И тут перед его очами вдруг предстал морячок, бывший его работник, грузчик на барже. Призвали его в начале войны на цареву службу, определили на флот, само собой — Черноморский, где он и прокантовался почти два года, был послан с командой в командировку, потом в госпиталь, и сейчас с каким-то отрядом возвращался к месту службы, да только отряд застрял на станции — «нема вагонов».
Отряд веселый и весьма боевой — все сплошь анархисты и эсеры, но все за мировую революцию, и это их держит вместе. Дядько Микита не имел привычки чураться старых знакомых, поговорил он с гостем «про жизнь», выпили они по черепушечки, и когда морячок узнал, что у «рэпаного казака» незадача с возмужавшим и обиженным медведем, принял это событие, что называется к сердцу. Перво-наперво он убедил Хвоменку не сдавать худобу в зверинец: «не можно, бо то тюрьма», и что животина не совершила ничего такого, за что ее следовало упекать за решетку…

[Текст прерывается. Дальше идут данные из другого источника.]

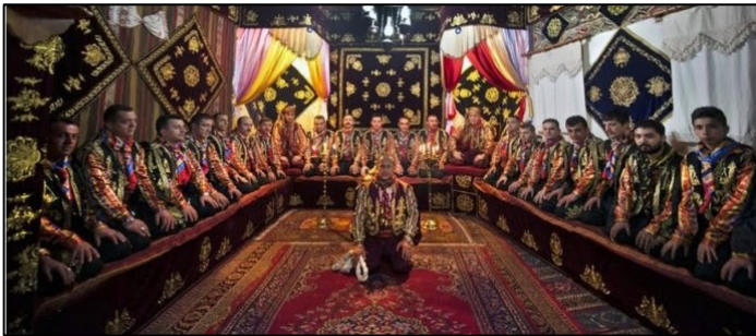
Şekil 14. Yaran Meclisi (Anonim, 2014)

Yaran; Türk örf, adet ve gelenekleri ile İslam, ahlak ve faziletinin bütünleşmesi sonucu meydana gelen ve ahilğin temel prensipleri olan kaliteli üretim, hilesiz satış felsefesi bağlamında esnaf yetiştiren ve Oğuzlardan günümüze kadar yaşatılan milli kültür mirasıdır. Kış döneminde yakılan ocaklarla varlığını sürdüren Yaran geleneği gönüllülük esasına dayanmaktadır. Kendine özgü olarak örgütlenmiş, üyelerinin kendi dilekleri ile katıldığı sürekli bir topluluktur. Yüz yüze, kendi ihtiyaçlarını giderici, geleneğin yaşatılması için çabalayan yaran elemanları ilgi birliği, toplumsallaşma ve inançların pekiştirilmesi özelliklerinin gelişmesine katkıda bulunmaktadır (Çankırı Valiliği, 2019h) (Şekil 14).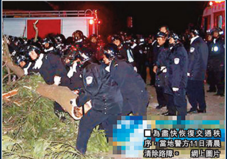
■為盡快恢復交通秩序，當地警方11日清晨清除路障。 網上圖片

記者獲悉，該事件已經由陸豐市政府移交汕尾市委、市政府解決，18日起，汕尾市委書記鄭雁雄帶領相關部門負責人與村民代表見面，進行安撫並表達解決問題的誠意，其中包括烏坎村村民、學生及教師等，據稱幹群共約500人參加見面會。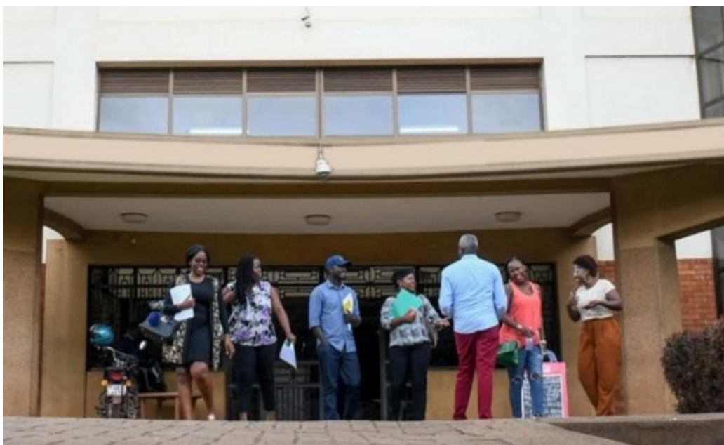
Kampala Universitet i Uganda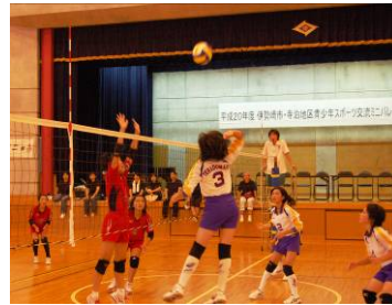
寺泊ジュニアバレーボールクラブ：準優勝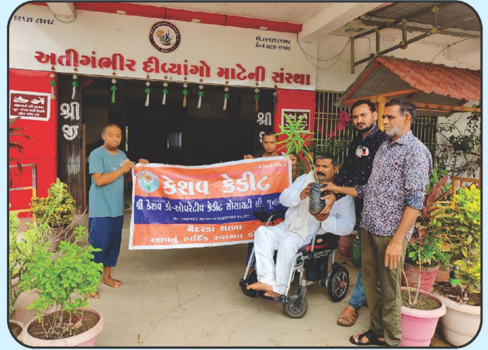
ગ્રામ્ય વિસ્તારોમાં વૃક્ષારોપણ કાર્યક્રમ Tree Plantation Programme in Rural Area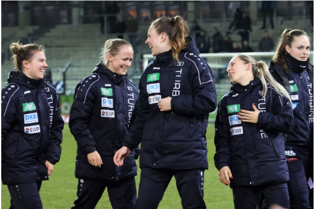
Voll lustig!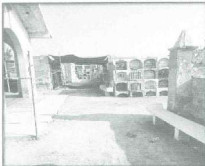
Foto N° 05 y 06.- Se Muestra que el pabellón N°05 de la parte frontal y del pasadizo se encuentra en condiciones que no son las adecuadas, generando malestar a la población.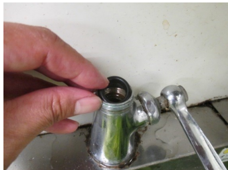
パイプを外して設置します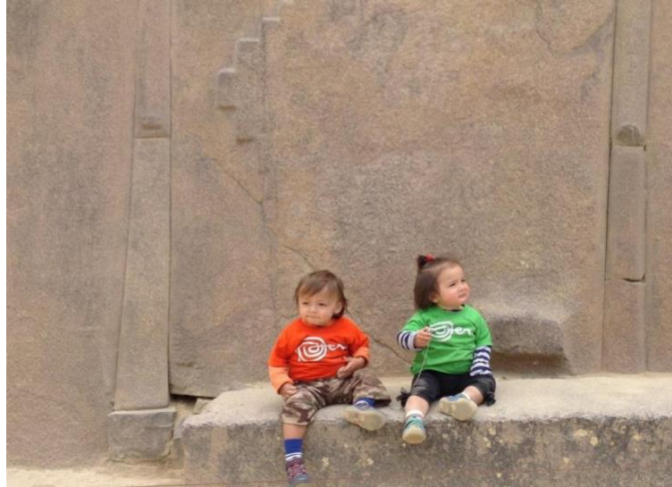
Imagen 3: Chaski y T'ika bajo una chakana en Ollantaytambo. M. Medrano, 2014.

Y fue por esta oleada de visitas al Cusco por investigadores lingüistas, arqueólogos o antropólogos que muchos quechuahablantes se convirtieron en informantes y colaboradores durante, probablemente, las últimas 6 décadas. Al día de hoy, los lingüistas comúnmente no son personas locales. Hay explicaciones muy simples para eso. Una explicación sería el hecho de que no existe la carrera de lingüística en la región del Cusco. La universidad más antigua pública: La Universidad San Antonio Abad del Cusco ha estado en la ciudad por más de 300 años y al día de hoy ofrece 32 carreras profesionales; sin embargo, no existe la carrera de lingüística como tampoco existen las carreras de sociología, literatura, y demás. Recientemente en menos de cinco años fue creada la carrera de psicología. Y la otra razón principal por la cual los lingüistas que han estudiado por tantas décadas la situación del lenguaje en el Cusco son extranjeros o académicos de universidades latinoamericanas, no local, es debido a los financiamientos extranjeros que atienden agendas globales e internacionales.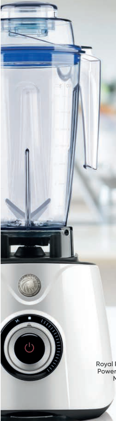
Royal Prestige® Power Blender Max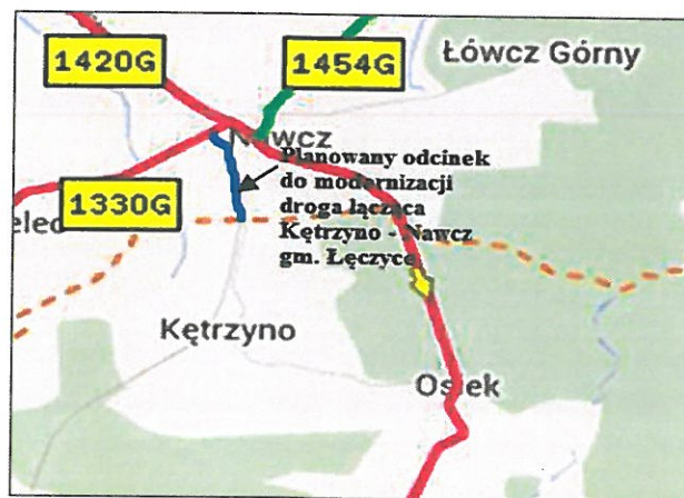
Planowana do modernizacji droga gruntowa nr 125013G.

Wyremontowane drogi pozwolą mieszkańcom wsi Osiek, ale również całej gminie Linię i Łęczyce swobodny dostęp do miejscowości Nawcz, z której będzie można dotrzeć do drogi krajowej nr A6 łączącej ze sobą miasta Wejherowo i Lębork oraz do najbliższej stacji SKM,

— А шож ж робыть? — сокрушенно спросил «рэпаный казак». — Очень просто, — ответил гость, — подари своего Мышка нашему отряду. Ему самое место у нас, потому как медведь и мировая революция, цэ так здорово! Як кажуть, нашему козырю в масть! — А что как он не захочет? Не пойдет самоходом до вашего отряду, он же не знает, что вы, за, как ее там, мировую революцию! Морячок объяснил, что в отряде есть Яшка-цыган, до недавнего времени ходивший с медведем, и что он, тот Яшка, все умеет и все знает, и сможет уговорить зверюгу подчиниться своим приказам. Что, мол, хитро, то и просто…
И действительно, когда на следующий день морячок явился к Хвоменке с тем хваленым Яшкой, цыган смело приступил к делу. Он протянул медведю пеструю тряпку, смоченную каким-то зельем, и Мышко, до того равнодушно взиравший на гостей, с ворчанием начал трепать тряпицу, а вскоре, к удивлению дядьки Микиты, и лизать руки цыгана.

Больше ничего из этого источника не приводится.